• [Input for this task]
◇ ◇ ◇ ◇

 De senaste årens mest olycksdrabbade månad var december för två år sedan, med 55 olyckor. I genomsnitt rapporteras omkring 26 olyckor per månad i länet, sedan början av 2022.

◇ ◇ ◇ ◇

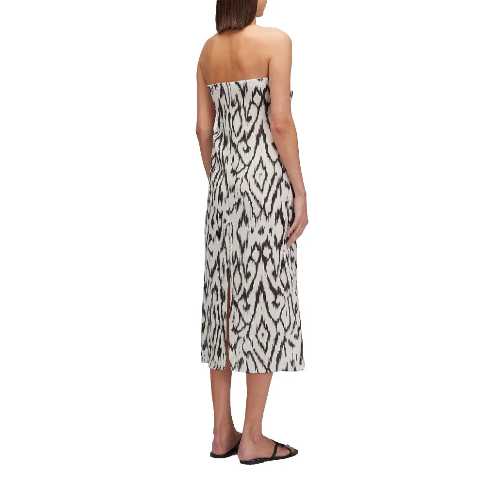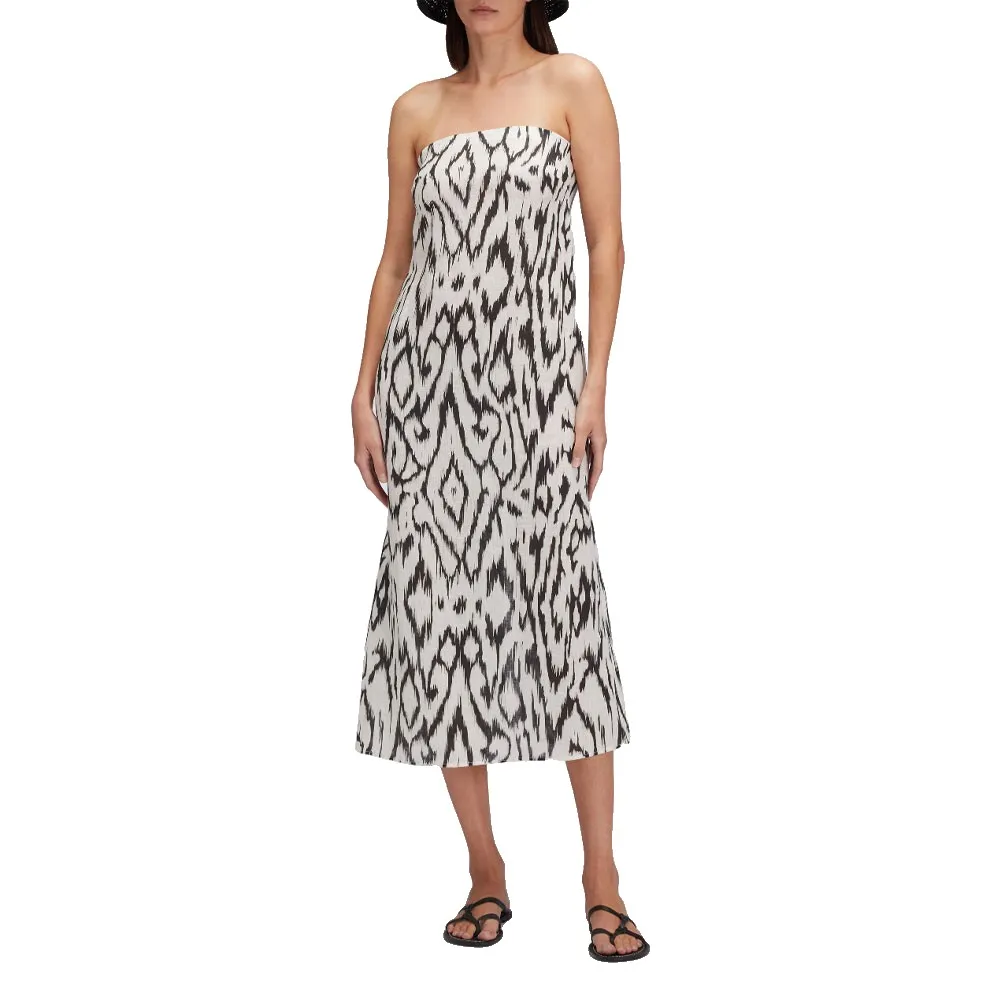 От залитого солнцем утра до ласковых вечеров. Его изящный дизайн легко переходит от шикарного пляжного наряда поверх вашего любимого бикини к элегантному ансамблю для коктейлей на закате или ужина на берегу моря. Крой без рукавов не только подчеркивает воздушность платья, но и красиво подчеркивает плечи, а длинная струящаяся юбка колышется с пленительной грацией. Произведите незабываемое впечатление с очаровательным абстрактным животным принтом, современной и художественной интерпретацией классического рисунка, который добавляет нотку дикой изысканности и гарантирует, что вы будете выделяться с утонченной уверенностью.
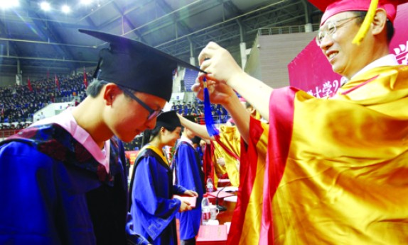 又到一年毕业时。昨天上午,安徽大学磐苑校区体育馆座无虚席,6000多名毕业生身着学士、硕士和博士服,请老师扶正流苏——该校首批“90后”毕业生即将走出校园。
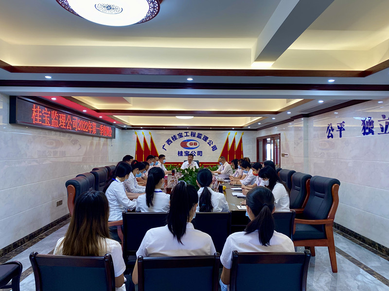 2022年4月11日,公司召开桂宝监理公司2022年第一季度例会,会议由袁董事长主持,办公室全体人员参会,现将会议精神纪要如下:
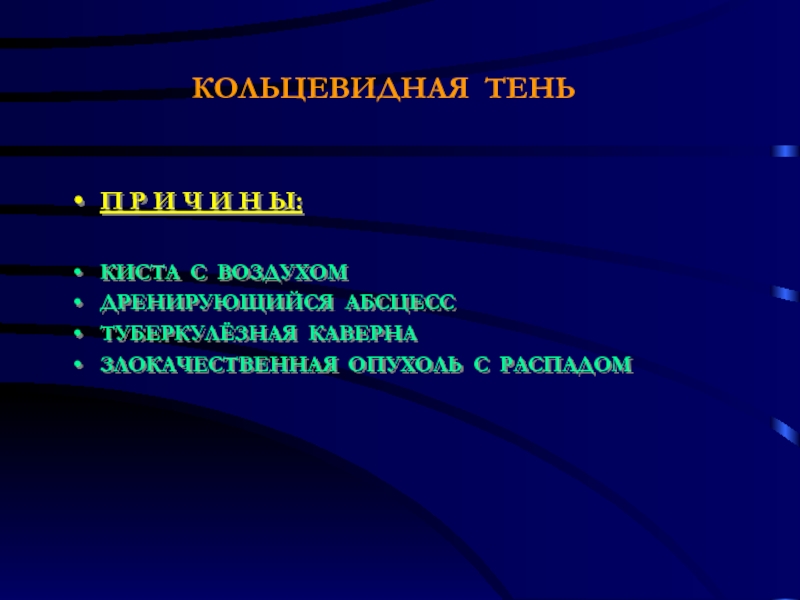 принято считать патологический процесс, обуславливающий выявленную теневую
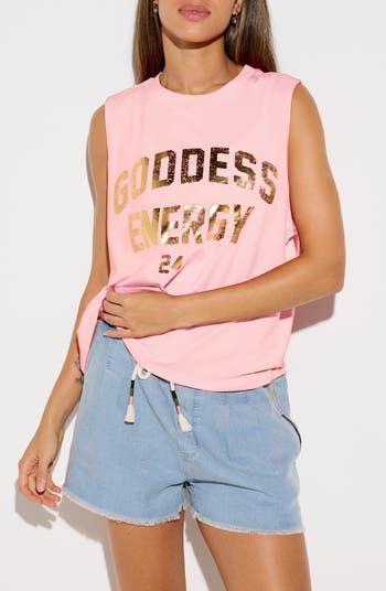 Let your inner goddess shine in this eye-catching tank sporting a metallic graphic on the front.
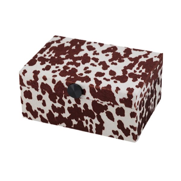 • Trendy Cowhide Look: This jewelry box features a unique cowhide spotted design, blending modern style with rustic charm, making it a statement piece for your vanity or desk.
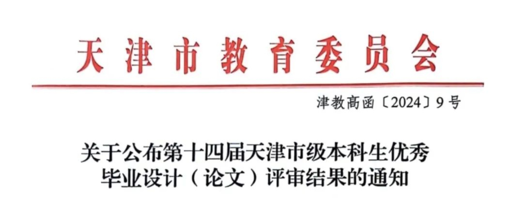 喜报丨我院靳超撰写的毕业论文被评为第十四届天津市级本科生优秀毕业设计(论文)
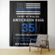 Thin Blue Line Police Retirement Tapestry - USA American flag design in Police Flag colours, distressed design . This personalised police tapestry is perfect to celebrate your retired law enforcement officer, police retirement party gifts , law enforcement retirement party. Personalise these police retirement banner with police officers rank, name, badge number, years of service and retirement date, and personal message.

◇ ◇ ◇ ◇

• [About this task] No picture is to be printed. Output exactly the lines above from the line containing "2022年4月11日,公司召" through the line containing "vanity or desk.".

• [Written answer]
 2022年4月11日,公司召开桂宝监理公司2022年第一季度例会,会议由袁董事长主持,办公室全体人员参会,现将会议精神纪要如下:
 принято считать патологический процесс, обуславливающий выявленную теневую
 Let your inner goddess shine in this eye-catching tank sporting a metallic graphic on the front.
 • Trendy Cowhide Look: This jewelry box features a unique cowhide spotted design, blending modern style with rustic charm, making it a statement piece for your vanity or desk.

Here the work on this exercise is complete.